> WORK ITEM
Exclude the pictures and repeat all of the data exactly.

> DATA EXCERPT
○ ○ ○ ○
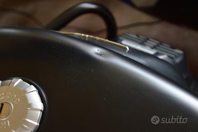 - Nell'estate 2019 ha subito una caduta, su rettilineo, a circa 60 km orari, a causa di una buca. Da qui le ammaccature nel serbatoio visibili in dettaglio nelle foto. Funzionalmente non creano problemi, esteticamente ovviamente non sono il massimo. A seguito di caduta, sono stati sostituiti gli scarichi ed è stato ricontrollato l'assetto delle sospensioni. Ora prende buche e dossi senza spostarsi di un millimetro
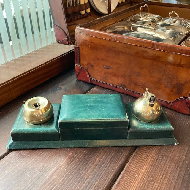 Traumtischset mit rundem Feuerzeug, Aschenbecher aus Messing und Zigarettenfach, Holz mit Leder bezogen. Von 1928, Frankreich.
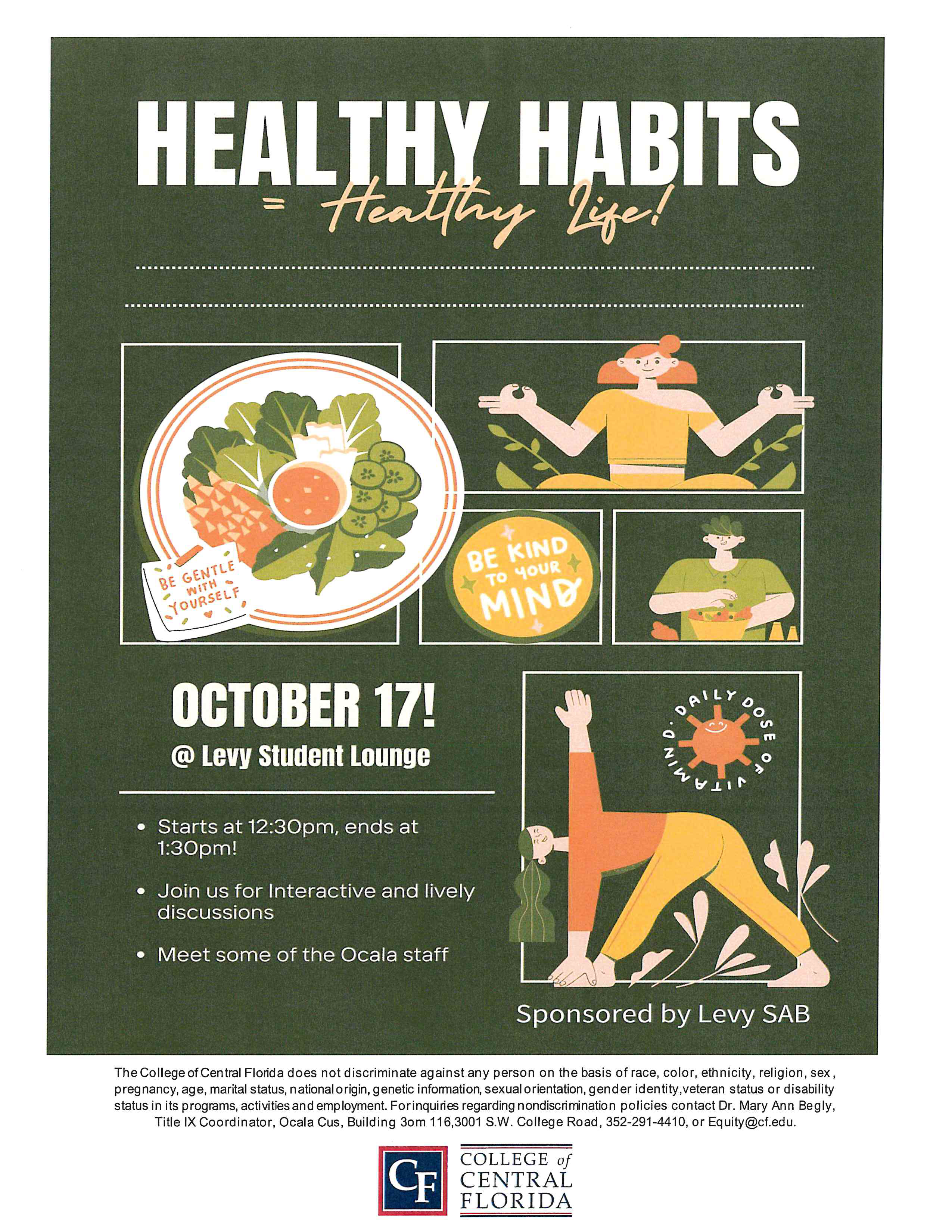 Faculty and Staff please encourage your students to attend Healthy Habits Equals Health Life. The Levy SAB is hosting this event Tuesday, Oct. 17 at 12:30 p.m. in the Levy … Read more
○ ○ ○ ○
> ANSWER
 - Nell'estate 2019 ha subito una caduta, su rettilineo, a circa 60 km orari, a causa di una buca. Da qui le ammaccature nel serbatoio visibili in dettaglio nelle foto. Funzionalmente non creano problemi, esteticamente ovviamente non sono il massimo. A seguito di caduta, sono stati sostituiti gli scarichi ed è stato ricontrollato l'assetto delle sospensioni. Ora prende buche e dossi senza spostarsi di un millimetro
 Traumtischset mit rundem Feuerzeug, Aschenbecher aus Messing und Zigarettenfach, Holz mit Leder bezogen. Von 1928, Frankreich.
 Faculty and Staff please encourage your students to attend Healthy Habits Equals Health Life. The Levy SAB is hosting this event Tuesday, Oct. 17 at 12:30 p.m. in the Levy … Read more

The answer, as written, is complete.